-- PROBLEM STATEMENT --
For this exercise, write out only the lines of the entries below from the one with "Danach schnell alles" up to and including the one with "Firsthand(Firsthand HEAD OFFICE)のTシャツ/カットソー「Firsthand/ファーストハンド", exactly as they are. Pictures stay out.

-- RECORDS SHOWN --
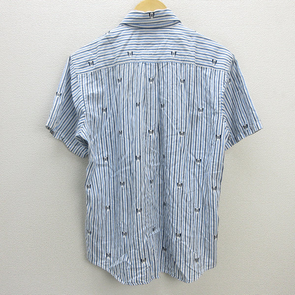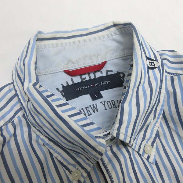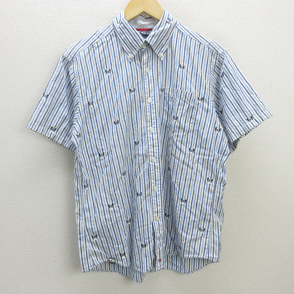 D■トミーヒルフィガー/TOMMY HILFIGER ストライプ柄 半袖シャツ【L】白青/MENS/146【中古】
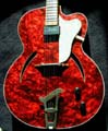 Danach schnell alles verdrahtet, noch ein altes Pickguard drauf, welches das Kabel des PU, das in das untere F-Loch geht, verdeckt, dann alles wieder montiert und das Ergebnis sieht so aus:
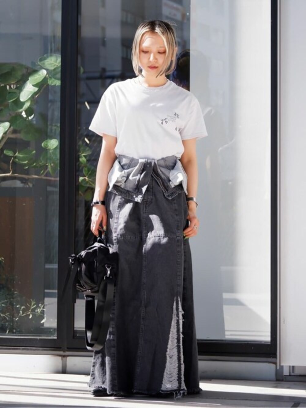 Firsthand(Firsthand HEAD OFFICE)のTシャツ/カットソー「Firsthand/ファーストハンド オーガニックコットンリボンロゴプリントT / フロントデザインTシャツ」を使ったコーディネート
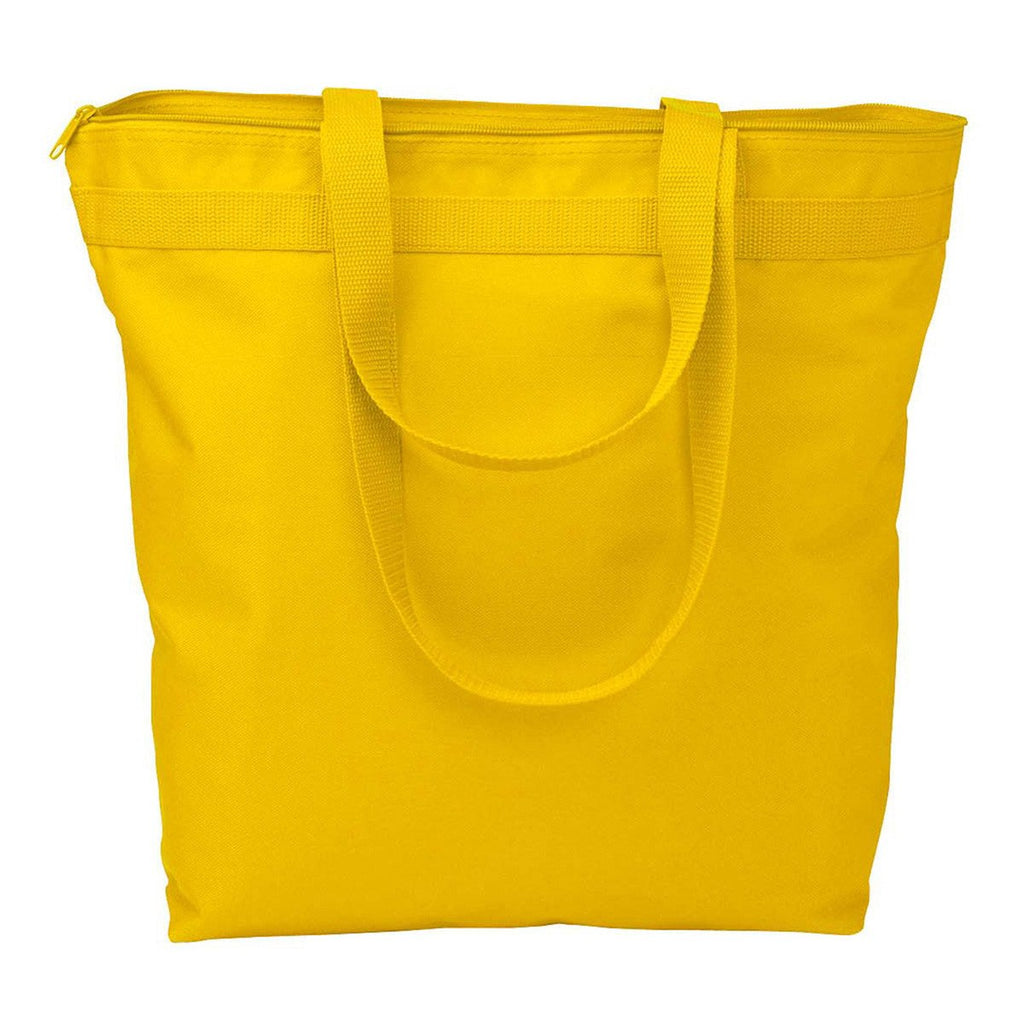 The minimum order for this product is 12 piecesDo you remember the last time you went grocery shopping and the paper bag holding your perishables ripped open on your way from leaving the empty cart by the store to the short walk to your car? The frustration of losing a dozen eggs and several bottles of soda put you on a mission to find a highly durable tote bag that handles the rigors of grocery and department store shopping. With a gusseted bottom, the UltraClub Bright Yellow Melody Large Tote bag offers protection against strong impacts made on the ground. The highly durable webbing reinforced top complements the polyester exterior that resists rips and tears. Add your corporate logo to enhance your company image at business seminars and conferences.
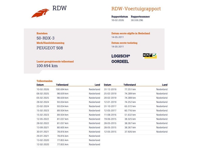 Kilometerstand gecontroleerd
--
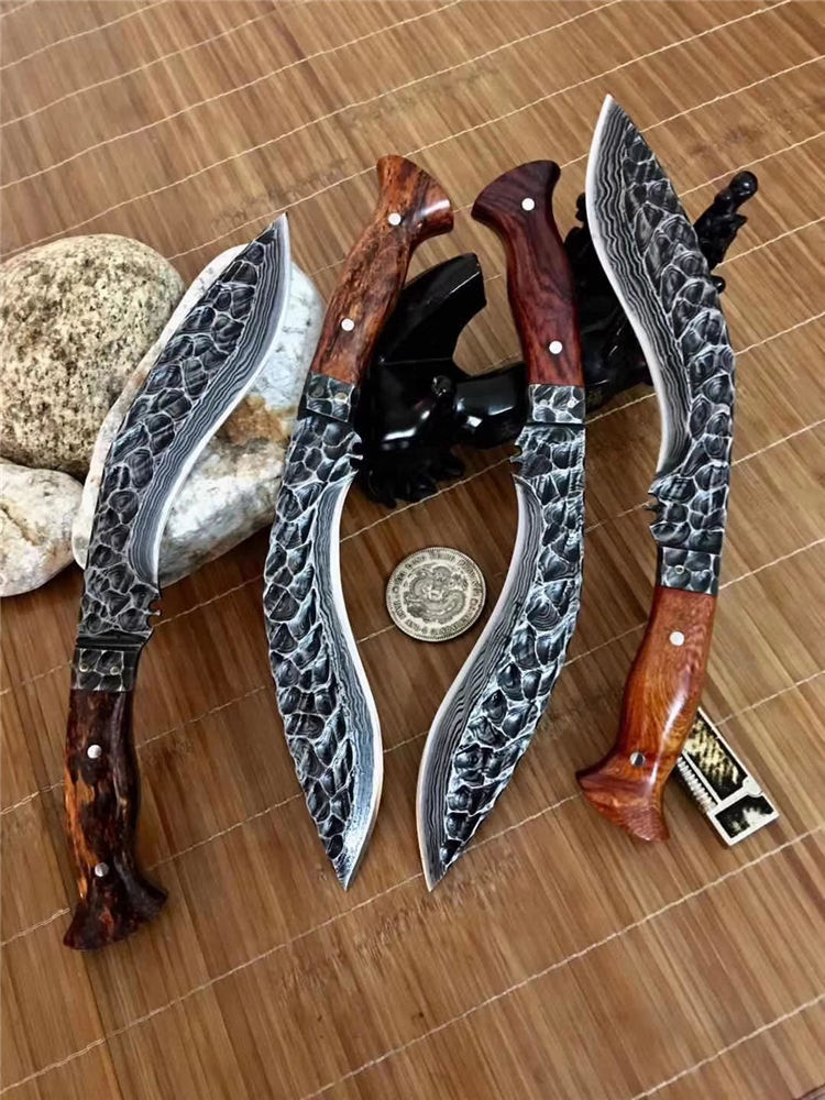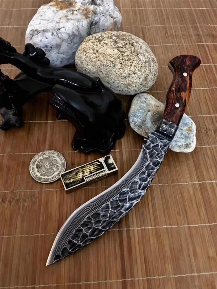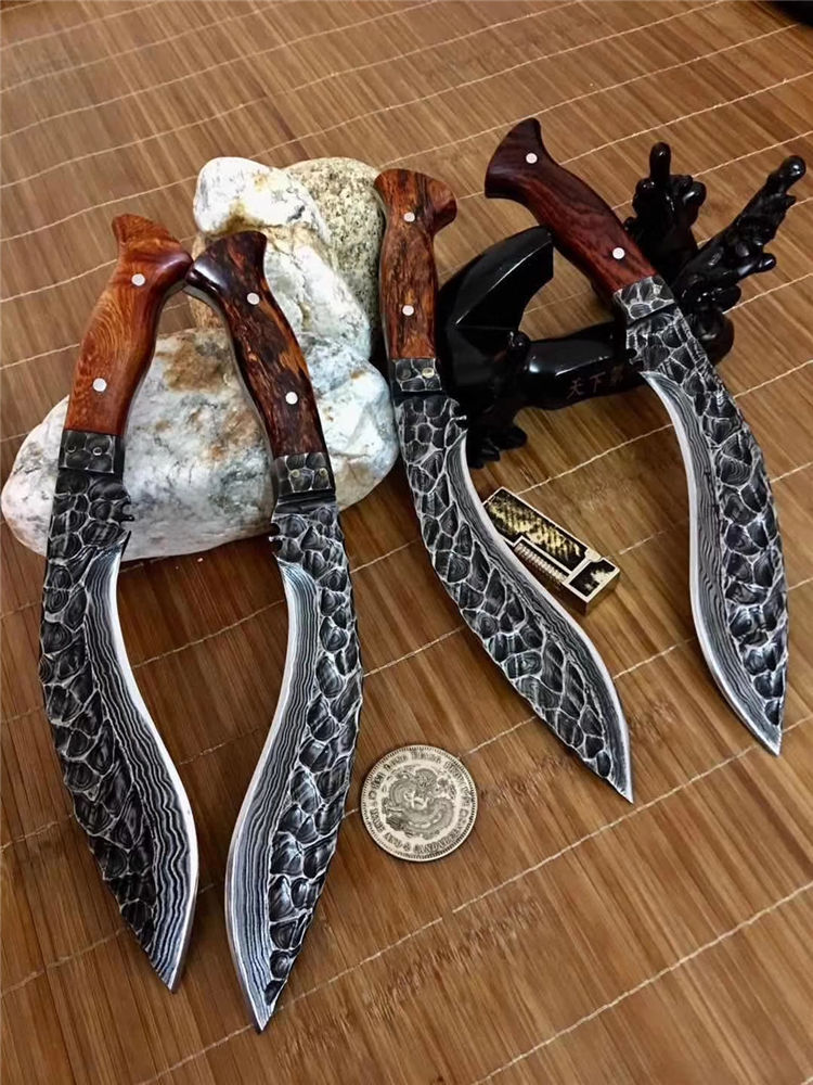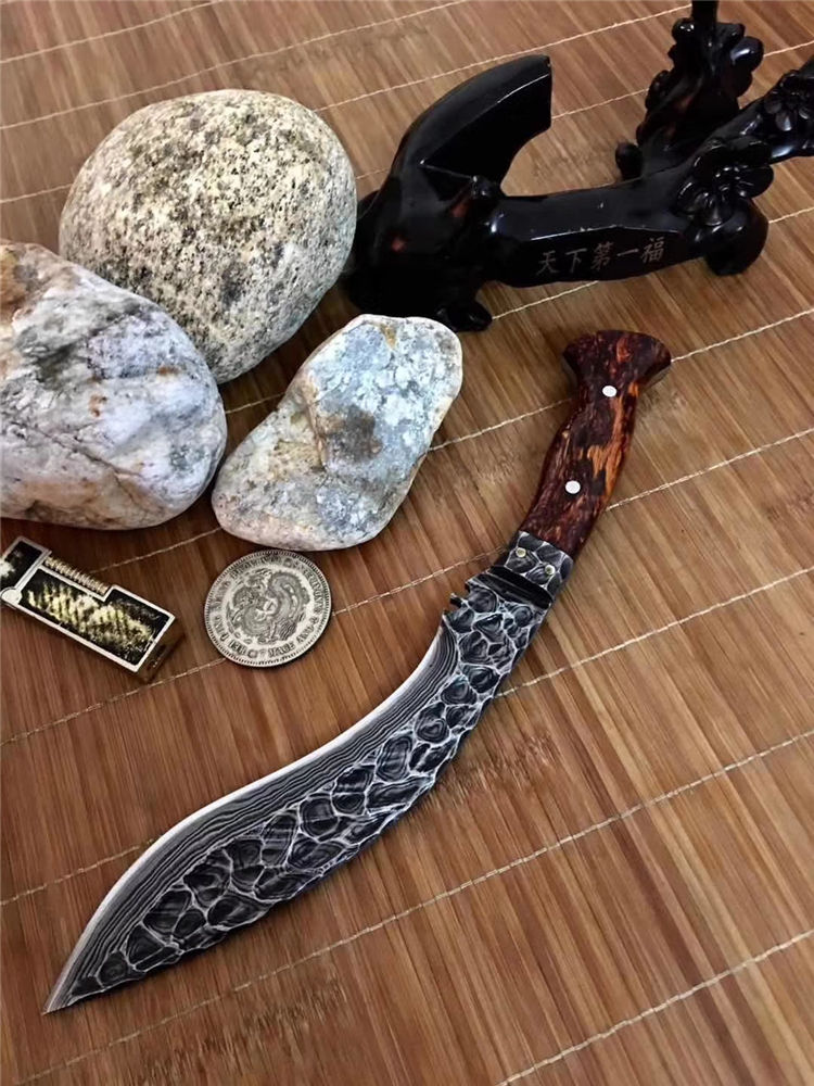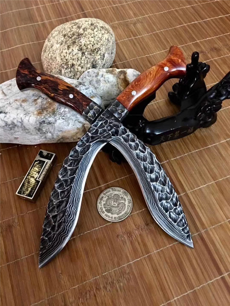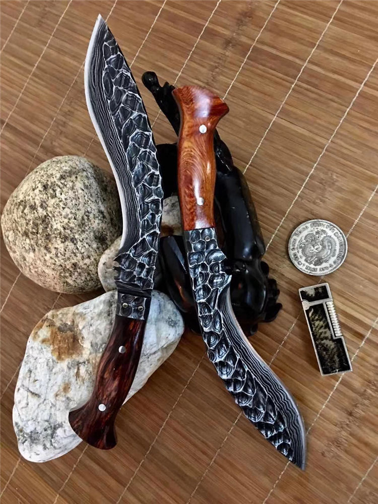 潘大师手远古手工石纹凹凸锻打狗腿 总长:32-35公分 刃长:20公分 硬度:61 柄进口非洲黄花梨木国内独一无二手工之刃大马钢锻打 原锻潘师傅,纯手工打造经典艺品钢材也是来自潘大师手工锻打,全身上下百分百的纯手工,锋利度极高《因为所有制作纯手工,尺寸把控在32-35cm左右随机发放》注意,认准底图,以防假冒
==
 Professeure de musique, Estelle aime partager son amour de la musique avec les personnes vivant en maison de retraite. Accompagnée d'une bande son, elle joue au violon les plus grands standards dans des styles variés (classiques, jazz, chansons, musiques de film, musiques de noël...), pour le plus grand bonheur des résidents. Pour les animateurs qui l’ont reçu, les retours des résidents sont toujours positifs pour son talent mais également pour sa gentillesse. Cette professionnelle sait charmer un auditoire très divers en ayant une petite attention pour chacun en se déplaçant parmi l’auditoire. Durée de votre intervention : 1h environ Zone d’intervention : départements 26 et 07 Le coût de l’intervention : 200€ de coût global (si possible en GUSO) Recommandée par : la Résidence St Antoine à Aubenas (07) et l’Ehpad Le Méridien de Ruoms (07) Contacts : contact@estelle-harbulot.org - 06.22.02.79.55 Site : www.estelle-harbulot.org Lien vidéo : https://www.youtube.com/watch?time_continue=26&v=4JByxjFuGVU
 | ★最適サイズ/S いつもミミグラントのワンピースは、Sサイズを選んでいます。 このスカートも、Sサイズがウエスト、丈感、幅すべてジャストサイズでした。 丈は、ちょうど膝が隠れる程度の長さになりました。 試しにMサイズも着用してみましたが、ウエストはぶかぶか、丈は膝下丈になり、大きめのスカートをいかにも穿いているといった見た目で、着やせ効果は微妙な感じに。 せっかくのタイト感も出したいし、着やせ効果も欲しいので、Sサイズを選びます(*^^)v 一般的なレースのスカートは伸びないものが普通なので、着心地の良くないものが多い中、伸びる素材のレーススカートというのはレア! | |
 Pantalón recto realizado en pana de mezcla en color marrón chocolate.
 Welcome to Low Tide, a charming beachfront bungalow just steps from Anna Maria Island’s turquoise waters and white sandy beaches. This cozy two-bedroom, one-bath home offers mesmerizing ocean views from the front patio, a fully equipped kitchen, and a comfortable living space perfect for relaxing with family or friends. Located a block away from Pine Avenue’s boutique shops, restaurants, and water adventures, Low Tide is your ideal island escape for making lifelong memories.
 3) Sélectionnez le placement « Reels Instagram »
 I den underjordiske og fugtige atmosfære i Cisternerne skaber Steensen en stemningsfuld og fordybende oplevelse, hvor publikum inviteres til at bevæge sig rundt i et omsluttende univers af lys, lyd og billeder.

-- TASK ANSWER --
 Danach schnell alles verdrahtet, noch ein altes Pickguard drauf, welches das Kabel des PU, das in das untere F-Loch geht, verdeckt, dann alles wieder montiert und das Ergebnis sieht so aus:
 Firsthand(Firsthand HEAD OFFICE)のTシャツ/カットソー「Firsthand/ファーストハンド オーガニックコットンリボンロゴプリントT / フロントデザインTシャツ」を使ったコーディネート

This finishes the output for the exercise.